> [TO DO]: Look through the records below for the line holding "Moodne unistuste tool". Write it out exactly, with each following line through the line holding "INGENIO skårad sax".

> [TASK INPUTS]:
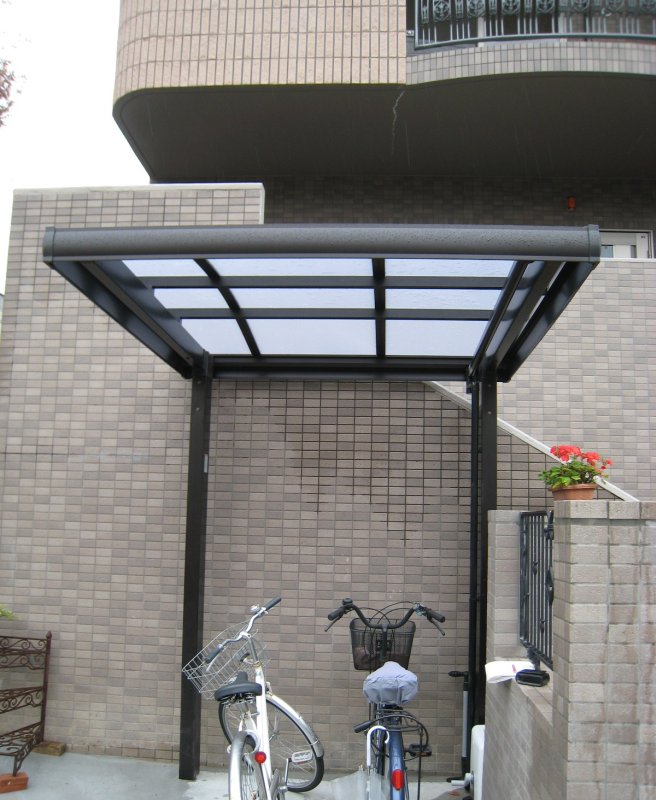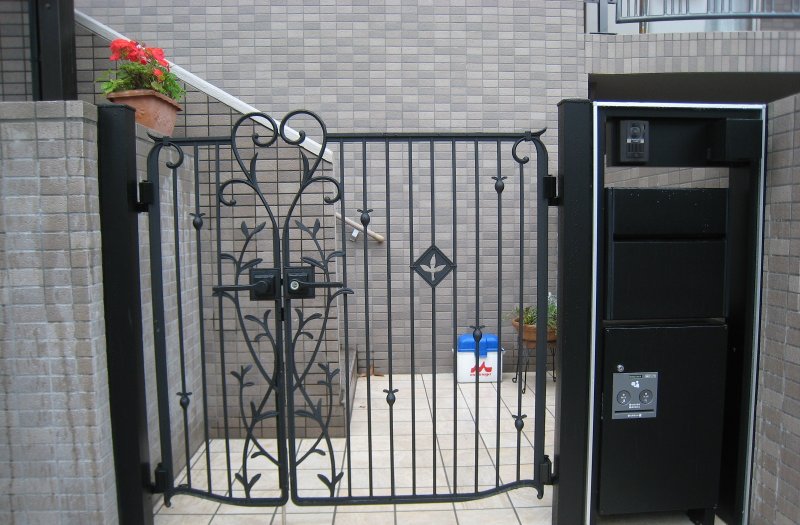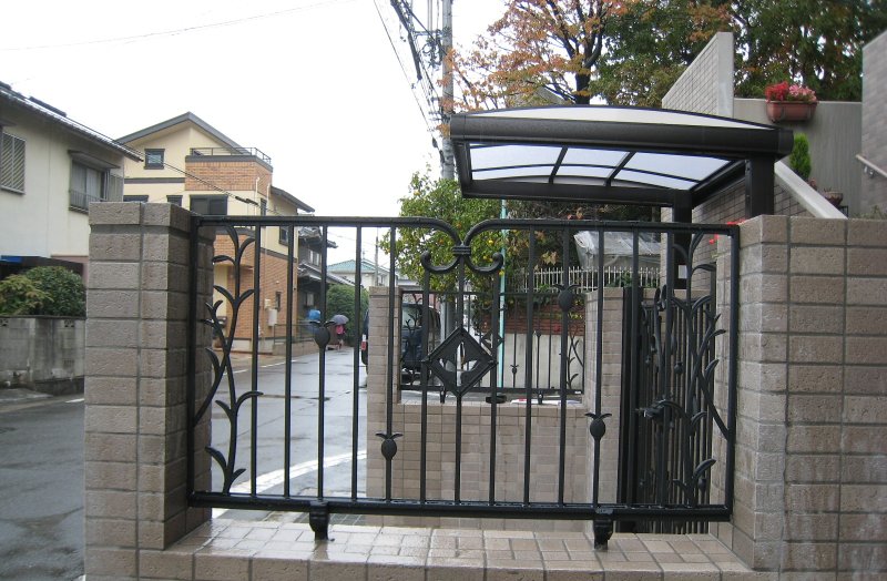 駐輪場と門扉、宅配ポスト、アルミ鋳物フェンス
* * *
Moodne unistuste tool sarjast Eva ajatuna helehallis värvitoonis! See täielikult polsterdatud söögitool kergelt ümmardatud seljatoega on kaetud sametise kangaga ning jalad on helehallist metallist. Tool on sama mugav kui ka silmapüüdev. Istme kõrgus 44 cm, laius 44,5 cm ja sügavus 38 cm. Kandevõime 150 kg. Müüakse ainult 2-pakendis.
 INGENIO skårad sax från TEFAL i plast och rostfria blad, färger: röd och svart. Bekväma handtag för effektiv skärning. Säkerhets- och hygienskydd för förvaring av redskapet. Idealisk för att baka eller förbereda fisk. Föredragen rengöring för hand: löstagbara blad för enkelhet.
...
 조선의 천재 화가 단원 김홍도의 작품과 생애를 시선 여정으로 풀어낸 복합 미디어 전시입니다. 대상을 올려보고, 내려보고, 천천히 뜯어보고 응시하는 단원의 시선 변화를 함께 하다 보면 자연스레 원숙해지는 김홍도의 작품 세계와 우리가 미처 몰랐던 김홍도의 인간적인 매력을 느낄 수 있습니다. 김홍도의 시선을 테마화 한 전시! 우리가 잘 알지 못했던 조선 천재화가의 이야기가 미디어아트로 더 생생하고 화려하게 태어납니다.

> [SOLUTION TO THE EXERCISE]:
Moodne unistuste tool sarjast Eva ajatuna helehallis värvitoonis! See täielikult polsterdatud söögitool kergelt ümmardatud seljatoega on kaetud sametise kangaga ning jalad on helehallist metallist. Tool on sama mugav kui ka silmapüüdev. Istme kõrgus 44 cm, laius 44,5 cm ja sügavus 38 cm. Kandevõime 150 kg. Müüakse ainult 2-pakendis.
 INGENIO skårad sax från TEFAL i plast och rostfria blad, färger: röd och svart. Bekväma handtag för effektiv skärning. Säkerhets- och hygienskydd för förvaring av redskapet. Idealisk för att baka eller förbereda fisk. Föredragen rengöring för hand: löstagbara blad för enkelhet.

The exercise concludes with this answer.